Why are IQ tests used

The goal of IQ tests is to predict someone’s academic potential, the likelihood of a learning disability, and general potential for success. IQ tests seek to evaluate an individual’s cognitive ability, or their ability to understand ideas. Specifically, they test a person’s reasoning and critical thinking skills. IQ tests can be helpful for identifying learning needs whether a student needs more help than others or whether they can handle more challenging work.

Limits of IQ tests

A  study by Adam Hampshire of the Brain and Mind Institute confirmed what many people already believed: IQ tests are poor indicators of intelligence. They developed a test designed to evaluate 12 “pillars of wisdom” in order to obtain a comprehensive understanding of an individual’s cognitive skills, from memory to planning. The 12-part test was taken by over 100,000 people and the results proved that there was no single “quotient” that could measure intelligence. They identified at least three factors that were essential to predicting intelligence: “short-term memory; reasoning; and finally, a verbal component.”

Additionally, IQ tests are unable to measure variable aspects of intelligence like emotional and social intelligence. Both of these are crucial factors in assessing an individual’s potential for success, but they are not tested in IQ tests. Ultimately, IQ tests only really measure how well an individual takes an IQ test and little more.

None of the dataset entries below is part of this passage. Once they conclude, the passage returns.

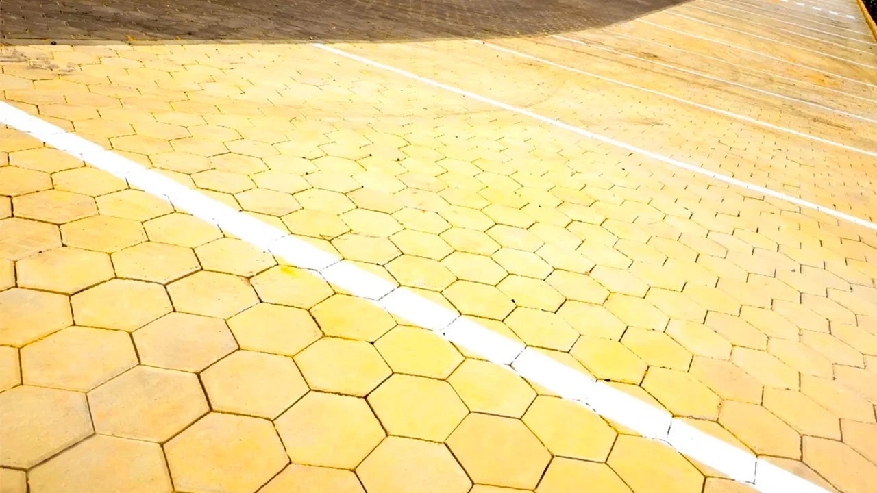 A aplicação de pavimento hexágono numa residência sénior na Guia, no Algarve, resultou numa solução duradoura e visualmente apelativa.
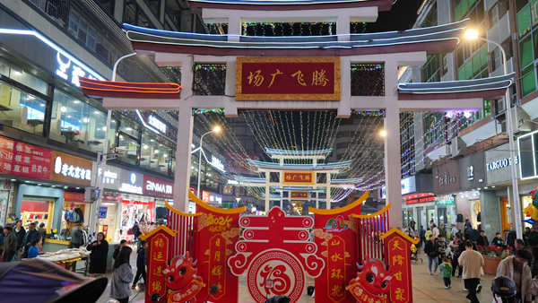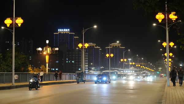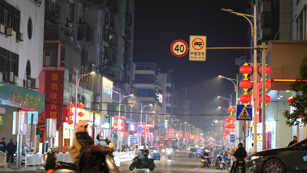 夜幕降臨,華燈初上。白天街景熱熱鬧鬧,夜晚同樣流光溢彩,高掛的燈籠氤氳著祥和暖意,一路璀璨生輝,點亮了游子的歸家路。
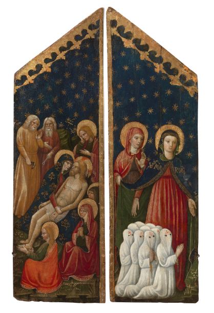 (attivo a Milano verso il 1460-1480) Compianto su Cristo morto (anta destra, cm 70,5 x 21, altezza lato interno cm 53,5, spessore
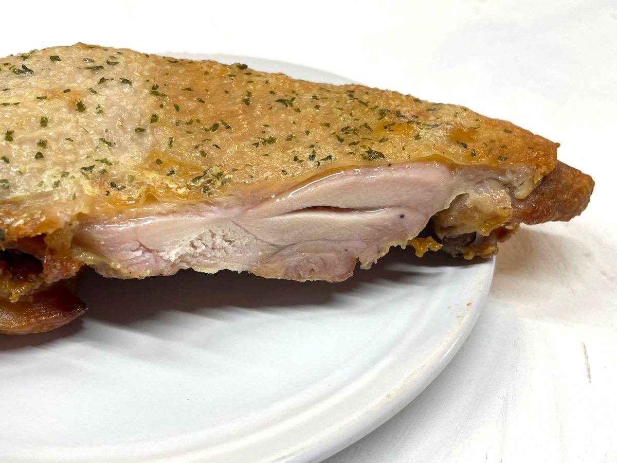 ハーブの塗された表面の鶏皮は余分な脂が存在しない薄さ具合。
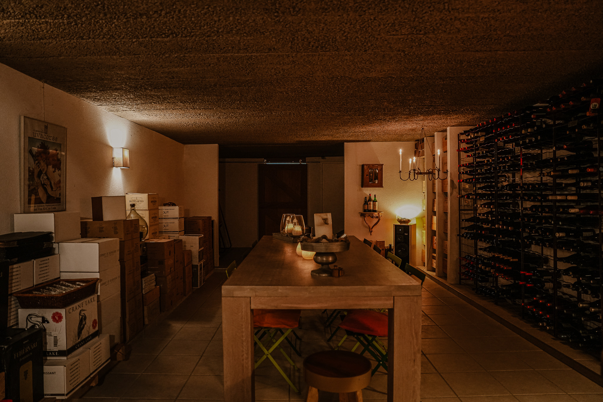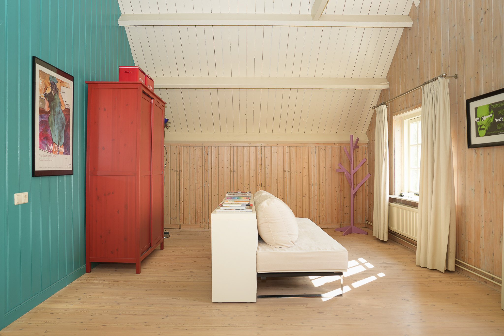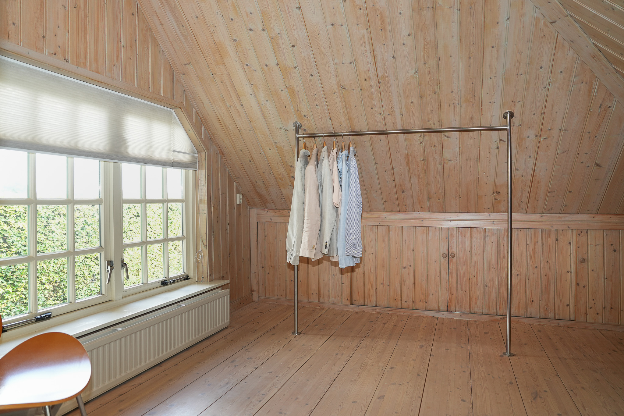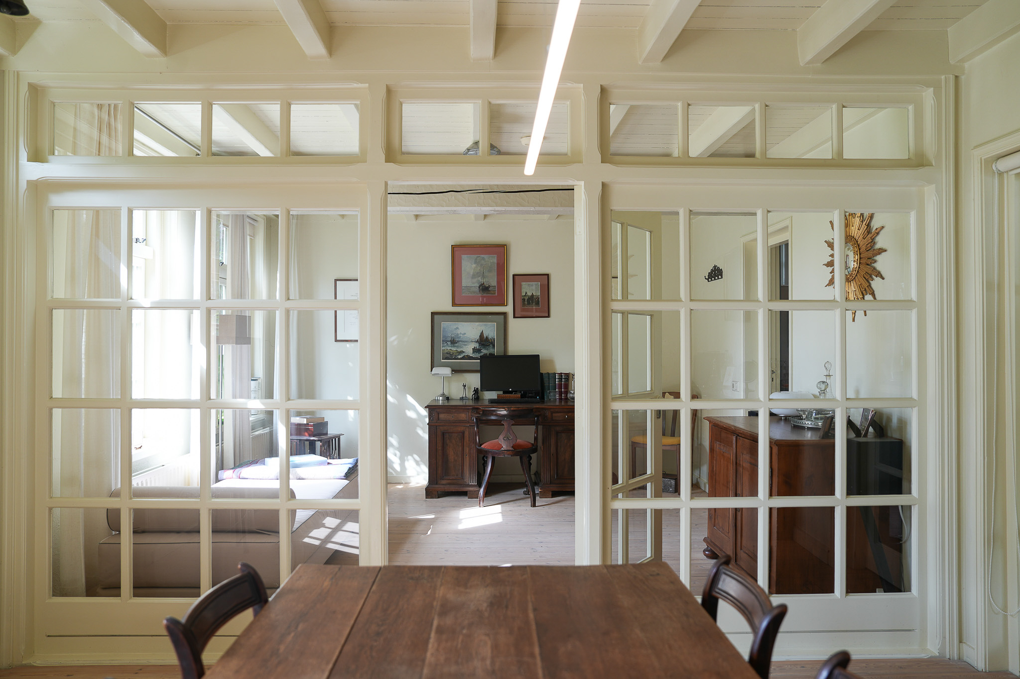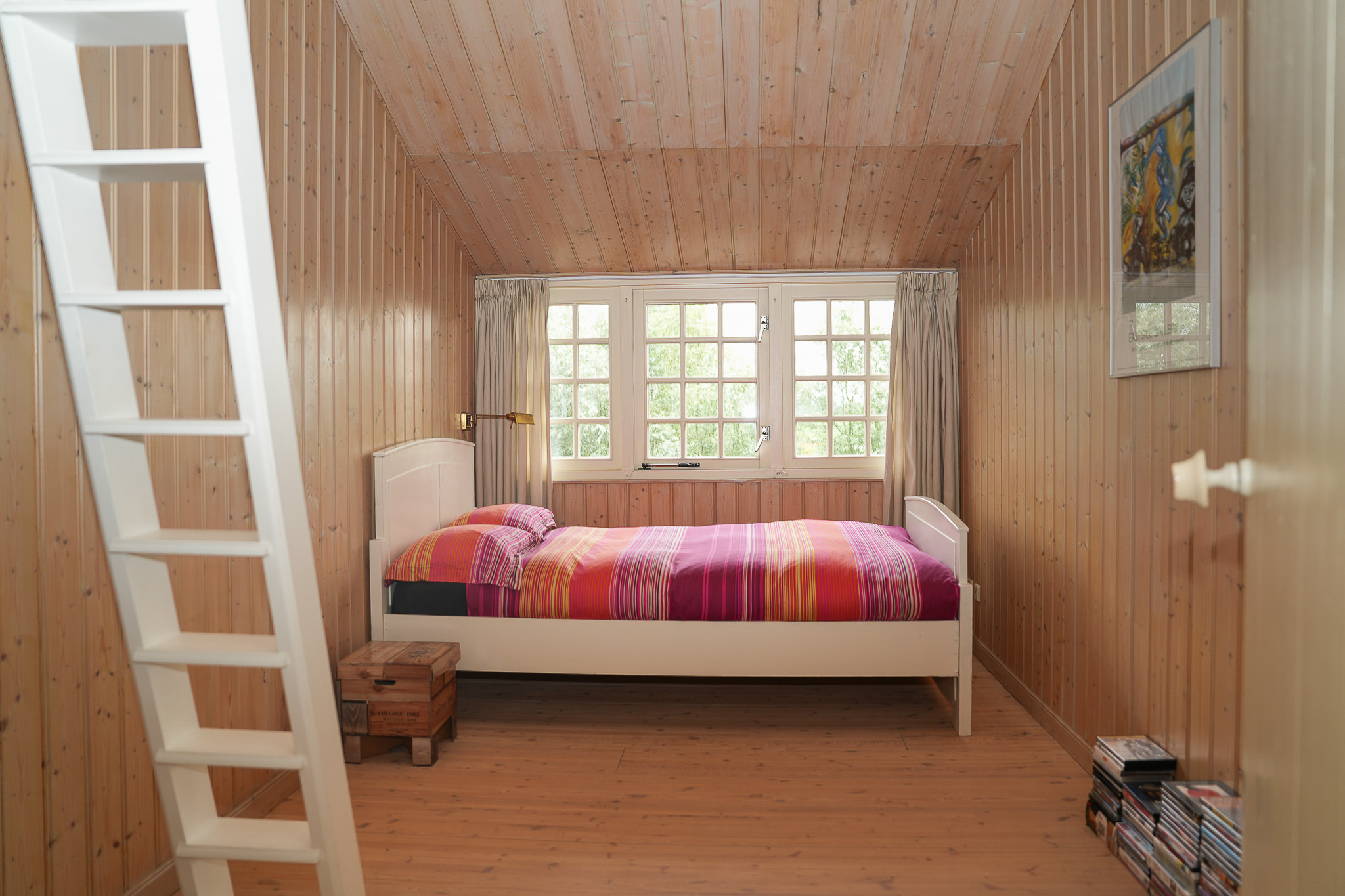 On the ground floor, two multifunctional rooms offer flexibility for study, guest accommodation with a private shower, or additional living. Upstairs, four bedrooms include a master suite with balcony and dressing room, and a complete bathroom designed for quiet retreat. The east-facing bedroom features built-in wardrobes under the eaves, while the remaining rooms are marked by exposed beams and expansive views over the surrounded gardens. The basement, with 56 m² and 2.10 metres ceiling height, currently serves as a wine cellar and offers further versatility.

IQ tests have the potential to inaccurately measure an individual’s intelligence and cause problems including low confidence, unrealistic expectations, and just a generally flawed understanding of a person’s potential.

The moral of the story is this: every person is different, and while an IQ test can be useful for identifying certain strengths and weaknesses, you should be proactive when evaluating your student’s learning needs and look beyond their IQ score. Identifying your student’s ability level in areas not tested by an IQ test, such as creativity and is essential to maximizing their potential for success.